Uno de los grandes desafíos que tendrá que enfrentar la nueva legislación electoral, será combatir la trashumancia. Es sumamente delicado y nefasto para nuestra democracia que, en cada contienda electoral terminen votando centenares de personas en otras regiones con las cuales no tienen ningún nexo; y ni qué decir de las personas que han fallecido y que a menudo resucitan en tiempo de elecciones para ejercer el voto.

En consecuencia, el extenso articulado del nuevo código electoral contemplará una gama de probabilidades para garantizar la participación del grueso de los votantes, lo que a la postre fortalece la democracia.

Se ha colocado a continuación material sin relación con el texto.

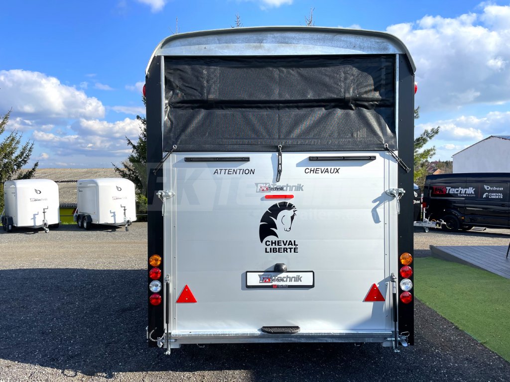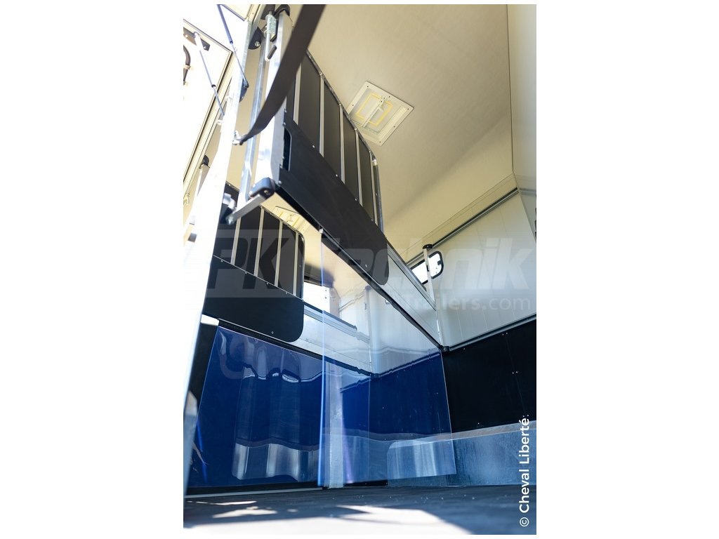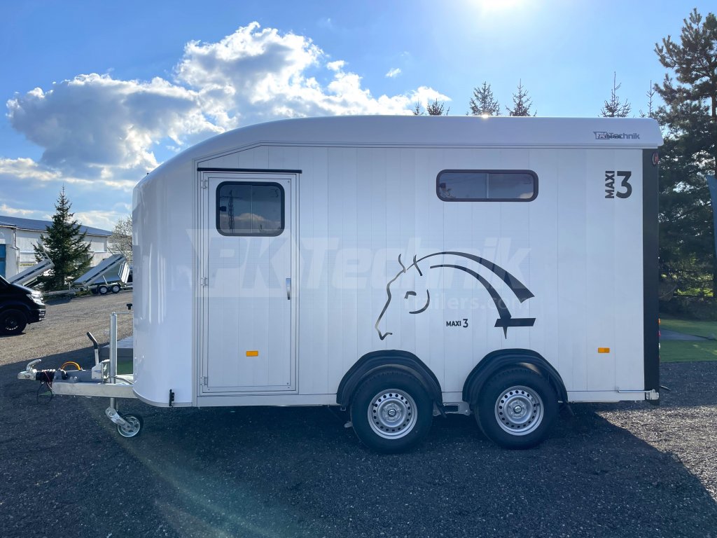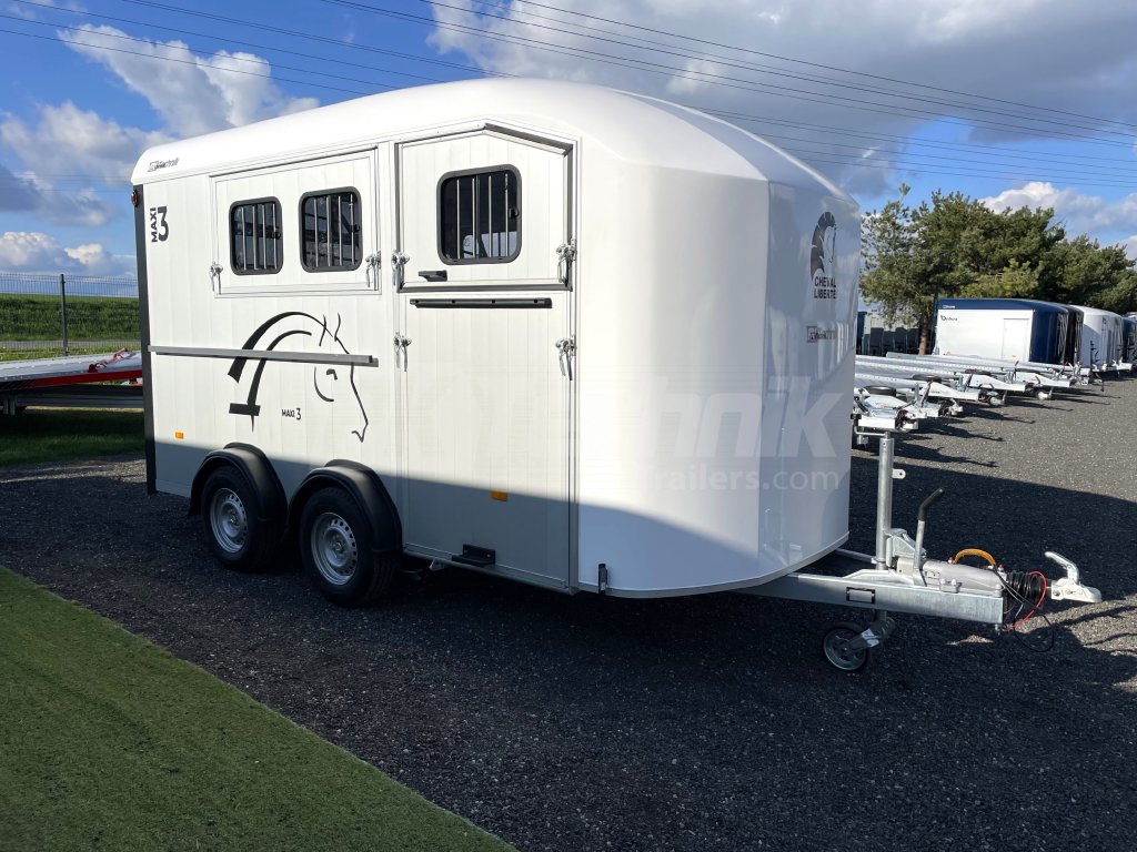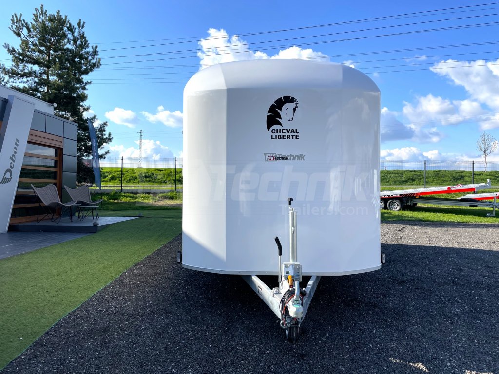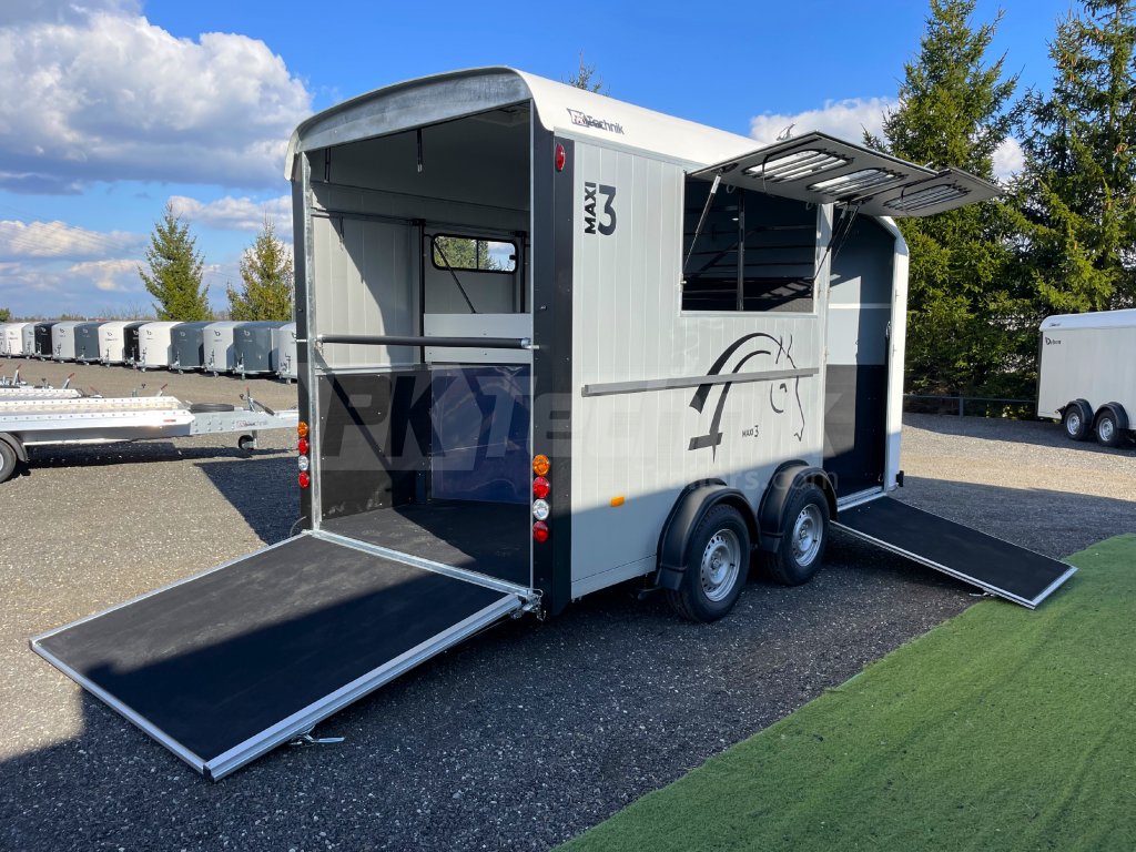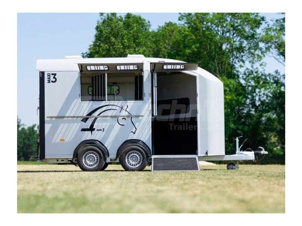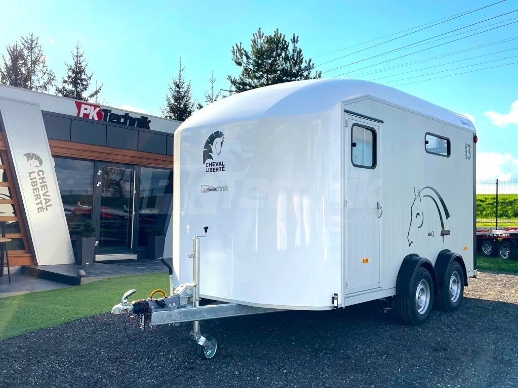 Přívěs Cheval Liberté MAXI 3 od renomovaného francouzského výrobce Cheval Liberté je určený pro ty, kteří hledají velký přívěs pro bezpečnou přepravu třech velkých koní v šikmém stání. Komfortní snížený podvozek Pullman 2 s nezávislými rameny, pružinami a tlumiči již ve standardní výbavě posouvá přívěs kvalitativně mezi špičku ve své kategorii. Ochrana hlavního ocelového rámu proti korozi je zajištěna žárovým zinkováním. Boční stěny a podlaha přívěsu z hliníkových panelů, střešní a přední část z monoblokového 5-ti vrstvého laminátu o tloušťce 8 mm s integrovanými ocelovými výztuhami, zajišťují nízkou provozní hmotnost, dokonalý komfort při přepravě a také dlouhou životnost přívěsu. Mezi přednosti modelů MAXI patří charakteristická širší a nižší přední vykládací rampa, která výrazně usnadňuje výstup koní, pro které je obtížné vycházet z přívěsu pozadu.

El proyecto bajo estudio, es el resultado de un profundo análisis y consenso interinstitucional, en el que se han identificado las principales falencias de la actual legislación, con el fin de subsanar las mismas.

Hoy, el país cuenta con poco más de 36 millones de ciudadanos habilitados para votar, y esto nos obliga como Estado a usar la tecnología para hacer más efectivos y transparentes los procesos electorales. El voto anticipado, el voto electrónico mixto en puesto de votación, el voto remoto o digital, son medidas que seguramente van a agilizar la participación democrática de los colombianos, y pondrán a nuestro país a la vanguardia en esta materia.

Es hora de salir del retraso electoral, evitar el fraude, y fortalecer la democracia. Dicho todo esto; ¿por qué negarnos al cambio?